*Records to process*

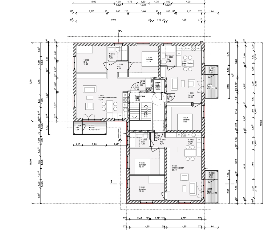Folgende Leistungsmerkmale und Ausstattungen sind in jedem Haus enthalten:
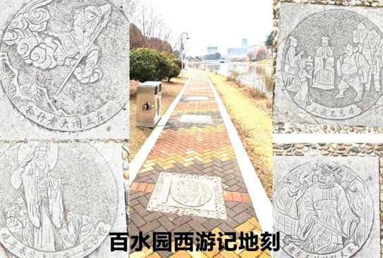 花间飞韵集东坡”不知出于何人之口、何人手书。唐朝白居易“君以旷怀宜静境,我因蹇步称闲官”、马戴“点点抱离念,旷怀成怨歌”、僧蛮“旷怀相对景何限,落日乱峰青倚天”等古人多有“旷怀”诗句佳作。其实诗句中流露出的貌似“豁达”实质“忧怨”,倘若登此小亭真能“旷怀”,定能游人如织(调侃)。此小园区正在开发中,有一些新栽树木,除此“旷怀亭”及沿河石刻外别无景点。将其归属“百水园景区”中是因为其沿河石刻内容是“西游记”,与百水园沿河石刻“西游记”才能完美成一体。“百水园景区”中“西游记”石刻是凤凰河景区中《地刻流芳》内容之一,也是“百水园”景区中一大景点。从百水园“不舍亭”南侧沿河道路上开始,每隔一段距离铺设一块60 X 60 CM正方形浮雕刻画,上面刻画配文字说明记叙着一个个西游记故事。凤凰河上“百水园景区”地刻是“西游记”、《历代先贤家风园》景区地刻是“三国演义”、《凤冠溢彩园景区》地刻是“水浒传”。三处地刻共有326块,每处各有多少块未见记载。《西游记》全书共100回,分为石猴出世·大闹天宫、取经缘由师徒来历、屡遭挫折·降妖伏魔、到达灵山取得真经四部分,由此推测“百水园”景区中“西游记”地刻是100块。
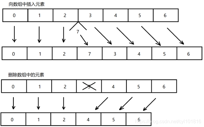 - 数组一旦被创建,其长度是不可以被改变的,如果需要修改就要重新新建一个数组,在Java中创建对象是十分消耗时间和内存的一种操作,所以涉及到数组元素的插入和删除,必然会对数组对象的重新创建和数组元素的拷贝
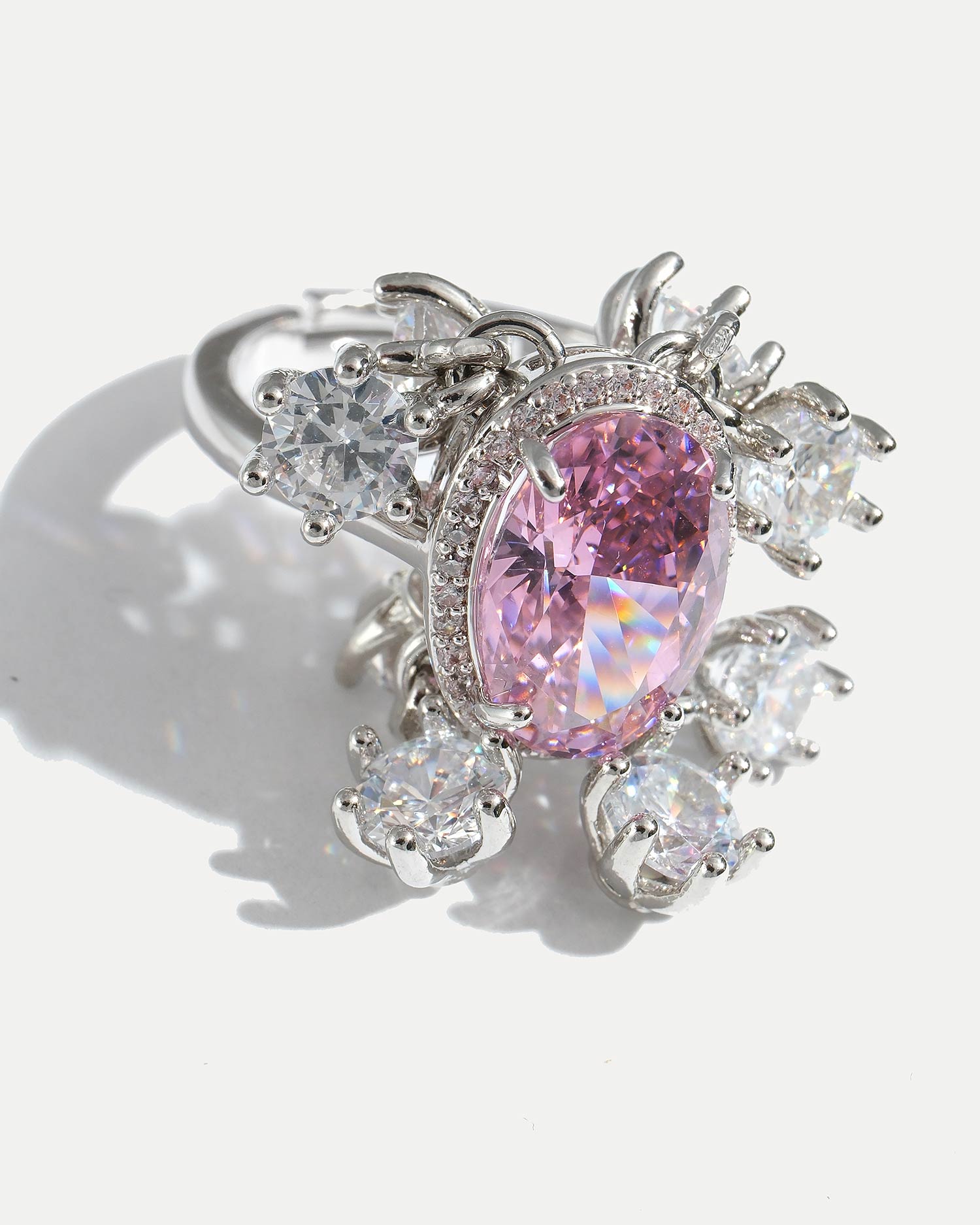 Кольцо выполнено из ювелирного сплава, покрытого родием, и фианитов.
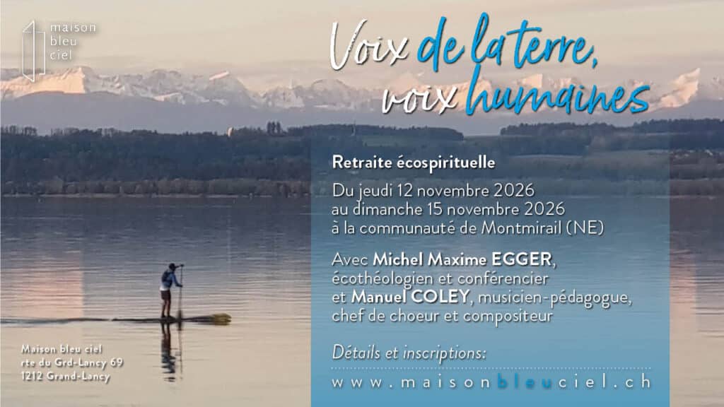 Entre chant et silence, danse et travail corporel, pratiques inspirées du «Travail qui relie» de Joanna Macy, éclairages et temps personnels au milieu des arbres, cette retraite d’écospiritualité propose un voyage intérieur, personnel et communautaire, pour nous mettre à l’écoute du Vivant et des Écritures. Un chemin de transformation pour changer notre regard sur la Création, en découvrir la profondeur divine, nous émerveiller de ses beautés, dire merci pour ses dons, participer à sa vie tissée d’interrelations, partager ses souffrances et son espérance.
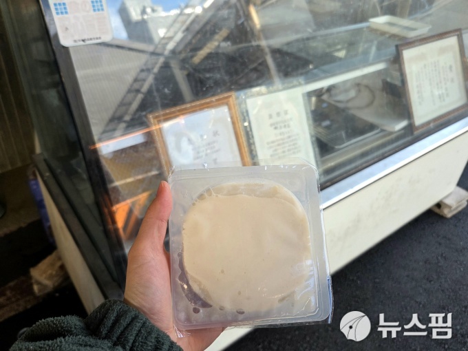 [오사카=뉴스핌] 김기랑 기자 = 일본 오사카 내 두부가게 '시마즈야'의 대표 상품 '오보로 두부'. 2025.12.16 rang@newspim.com
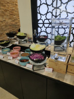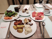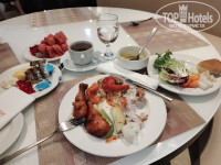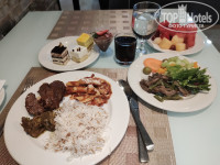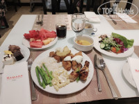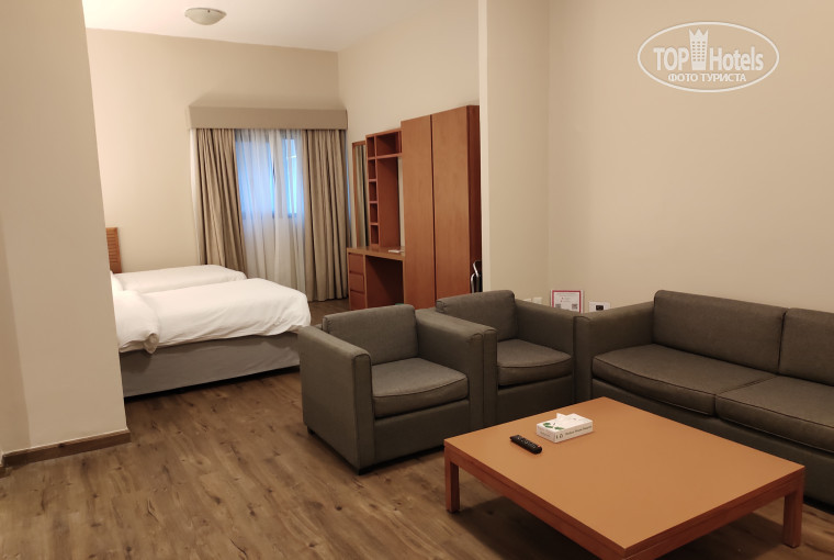 Отдыхала в конце сентября, одна. Температура была +38, вода +30, вечером влажность доходила до 90%. Выбрала этот отель по хорошим отзывам, отсутствию депозита и туристического налога, и по наличию ежедневного бесплатного автобуса до Дубаи молл. Разница между Белой, у пляжа, и Черной Рамадой, составляла около 50 тыс. руб., посмотрев расписание автобусов, а также, что такси на пляж стоит от 15 до 20 дирхам, решила поехать в Черную и ничуть не пожалела. Да, привязка к автобусу создало некую суету, все время куда-то бежишь, но, со временем, привыкаешь. Сразу о валюте. В отеле курс доллара 3,45, в Дубае молл был по 3,65 и можно найти такой курс и в обменниках в Аджмане. Я покупала в Москве дирхамы по курсу 25,3, получилось выгоднее, чем покупать доллары и искать обменник с курсом не ниже 3,65, чтоб хотя бы не потерять на обмене. Летела Флай Дубай, прилет в Дубай. Туда рейс задержали на 45 мин, обратно вылетели по расписанию. В полете мало, но кормили. В отель приехали минут за 40, а обратно забирали первыми и выезд был за 6 часов!! до вылета, других за 4 часа забирали. Вылет был из DBX2 и посадка на рейс начиналась за час до вылета. Дьютик в нем небольшой, на что-то цены очень дешевые, есть помещение для курения. Заселение в отель с 14, нас заселили примерно в 13 часов. На ресепшен есть русскоговорящий сотрудник, все объяснил, спросил курящий этаж или нет, я попросила курящий, он сказал, что мы вам дадим номер для некурящих с балконом и курить можно только на балконе. На пляже можно курить только у мусорок или в баре. Сотрудники знают несколько слов и фраз по-русски и проблем не возникало, по-английски говорят все сотрудники. Попросила адаптер, сказали их нет, но в номере были USB розетки у кровати, с зарядкой телефона проблем не было, а вот свой фен или плойку включить без адаптера некуда. Номер студио, во второй башне,на 11 этаже, 2-1104, на кухне микроволновка, чайник, холодильник, стаканы, чашки, остальное по запросу, вид на соседнюю башню и углом на город и, вдалеке, виден залив. Номер отличный, все работало, в ванне веревка для сушки, но там ничего не сохнет, есть сушилка и выносила ее на балкон. Удобно, что в номере кондиционер регулируется на 0,5 градуса и можно подобрать комфортную температуру, странно, что нет режима осушения, было влажно в номере. Уборка ежедневная, старались убираться утром, когда была на пляже. Все пополнялось ежедневно: шампунь, гель для душа, лосьон, наборы для чая кофе, вода, пополняли бутылки и 0,5 и 1,5 л. В отеле есть сауна, бассейн, тренажерный зал, магазин с сувенирами. Кормили очень прилично, брала все включено. Вторые блюда, в основном, в каком-то соусе, много индийских блюд с карри, но всегда можно что-то выбрать. Была козлятина, баранина, говядина, курица, рыба, предположительно, телапия. Не всякий отель может похвастаться таким разнообразием мясных блюд. Из простых гарниров: рис, макароны, запеченный картофель, овощи на пару, причем аль денте - хрустят. Овощи, салаты, супы. А уж кондитерка выше всяких похвал: умеренно сладкая, легкая и воздушная, просто тает во рту, даже было с золотом. Из фруктов арбуз, дыня, ананас всегда, а на завтрак еще апельсины, яблоки и финики. В отеле и на пляже приходится называть свой номер: взять напитки в лобби, при входе в ресторан, взять пляжные полотенца, сесть в автобус до Дубаи молл. WiFi отличный везде и в отеле и на пляже. Имейте ввиду, что в ОАЭ

*Activity*
Output all of the data above exactly; no pictures should appear.

*Written response*
Folgende Leistungsmerkmale und Ausstattungen sind in jedem Haus enthalten:
 花间飞韵集东坡”不知出于何人之口、何人手书。唐朝白居易“君以旷怀宜静境,我因蹇步称闲官”、马戴“点点抱离念,旷怀成怨歌”、僧蛮“旷怀相对景何限,落日乱峰青倚天”等古人多有“旷怀”诗句佳作。其实诗句中流露出的貌似“豁达”实质“忧怨”,倘若登此小亭真能“旷怀”,定能游人如织(调侃)。此小园区正在开发中,有一些新栽树木,除此“旷怀亭”及沿河石刻外别无景点。将其归属“百水园景区”中是因为其沿河石刻内容是“西游记”,与百水园沿河石刻“西游记”才能完美成一体。“百水园景区”中“西游记”石刻是凤凰河景区中《地刻流芳》内容之一,也是“百水园”景区中一大景点。从百水园“不舍亭”南侧沿河道路上开始,每隔一段距离铺设一块60 X 60 CM正方形浮雕刻画,上面刻画配文字说明记叙着一个个西游记故事。凤凰河上“百水园景区”地刻是“西游记”、《历代先贤家风园》景区地刻是“三国演义”、《凤冠溢彩园景区》地刻是“水浒传”。三处地刻共有326块,每处各有多少块未见记载。《西游记》全书共100回,分为石猴出世·大闹天宫、取经缘由师徒来历、屡遭挫折·降妖伏魔、到达灵山取得真经四部分,由此推测“百水园”景区中“西游记”地刻是100块。
 - 数组一旦被创建,其长度是不可以被改变的,如果需要修改就要重新新建一个数组,在Java中创建对象是十分消耗时间和内存的一种操作,所以涉及到数组元素的插入和删除,必然会对数组对象的重新创建和数组元素的拷贝
 Кольцо выполнено из ювелирного сплава, покрытого родием, и фианитов.
 Entre chant et silence, danse et travail corporel, pratiques inspirées du «Travail qui relie» de Joanna Macy, éclairages et temps personnels au milieu des arbres, cette retraite d’écospiritualité propose un voyage intérieur, personnel et communautaire, pour nous mettre à l’écoute du Vivant et des Écritures. Un chemin de transformation pour changer notre regard sur la Création, en découvrir la profondeur divine, nous émerveiller de ses beautés, dire merci pour ses dons, participer à sa vie tissée d’interrelations, partager ses souffrances et son espérance.
 [오사카=뉴스핌] 김기랑 기자 = 일본 오사카 내 두부가게 '시마즈야'의 대표 상품 '오보로 두부'. 2025.12.16 rang@newspim.com
 Отдыхала в конце сентября, одна. Температура была +38, вода +30, вечером влажность доходила до 90%. Выбрала этот отель по хорошим отзывам, отсутствию депозита и туристического налога, и по наличию ежедневного бесплатного автобуса до Дубаи молл. Разница между Белой, у пляжа, и Черной Рамадой, составляла около 50 тыс. руб., посмотрев расписание автобусов, а также, что такси на пляж стоит от 15 до 20 дирхам, решила поехать в Черную и ничуть не пожалела. Да, привязка к автобусу создало некую суету, все время куда-то бежишь, но, со временем, привыкаешь. Сразу о валюте. В отеле курс доллара 3,45, в Дубае молл был по 3,65 и можно найти такой курс и в обменниках в Аджмане. Я покупала в Москве дирхамы по курсу 25,3, получилось выгоднее, чем покупать доллары и искать обменник с курсом не ниже 3,65, чтоб хотя бы не потерять на обмене. Летела Флай Дубай, прилет в Дубай. Туда рейс задержали на 45 мин, обратно вылетели по расписанию. В полете мало, но кормили. В отель приехали минут за 40, а обратно забирали первыми и выезд был за 6 часов!! до вылета, других за 4 часа забирали. Вылет был из DBX2 и посадка на рейс начиналась за час до вылета. Дьютик в нем небольшой, на что-то цены очень дешевые, есть помещение для курения. Заселение в отель с 14, нас заселили примерно в 13 часов. На ресепшен есть русскоговорящий сотрудник, все объяснил, спросил курящий этаж или нет, я попросила курящий, он сказал, что мы вам дадим номер для некурящих с балконом и курить можно только на балконе. На пляже можно курить только у мусорок или в баре. Сотрудники знают несколько слов и фраз по-русски и проблем не возникало, по-английски говорят все сотрудники. Попросила адаптер, сказали их нет, но в номере были USB розетки у кровати, с зарядкой телефона проблем не было, а вот свой фен или плойку включить без адаптера некуда. Номер студио, во второй башне,на 11 этаже, 2-1104, на кухне микроволновка, чайник, холодильник, стаканы, чашки, остальное по запросу, вид на соседнюю башню и углом на город и, вдалеке, виден залив. Номер отличный, все работало, в ванне веревка для сушки, но там ничего не сохнет, есть сушилка и выносила ее на балкон. Удобно, что в номере кондиционер регулируется на 0,5 градуса и можно подобрать комфортную температуру, странно, что нет режима осушения, было влажно в номере. Уборка ежедневная, старались убираться утром, когда была на пляже. Все пополнялось ежедневно: шампунь, гель для душа, лосьон, наборы для чая кофе, вода, пополняли бутылки и 0,5 и 1,5 л. В отеле есть сауна, бассейн, тренажерный зал, магазин с сувенирами. Кормили очень прилично, брала все включено. Вторые блюда, в основном, в каком-то соусе, много индийских блюд с карри, но всегда можно что-то выбрать. Была козлятина, баранина, говядина, курица, рыба, предположительно, телапия. Не всякий отель может похвастаться таким разнообразием мясных блюд. Из простых гарниров: рис, макароны, запеченный картофель, овощи на пару, причем аль денте - хрустят. Овощи, салаты, супы. А уж кондитерка выше всяких похвал: умеренно сладкая, легкая и воздушная, просто тает во рту, даже было с золотом. Из фруктов арбуз, дыня, ананас всегда, а на завтрак еще апельсины, яблоки и финики. В отеле и на пляже приходится называть свой номер: взять напитки в лобби, при входе в ресторан, взять пляжные полотенца, сесть в автобус до Дубаи молл. WiFi отличный везде и в отеле и на пляже. Имейте ввиду, что в ОАЭ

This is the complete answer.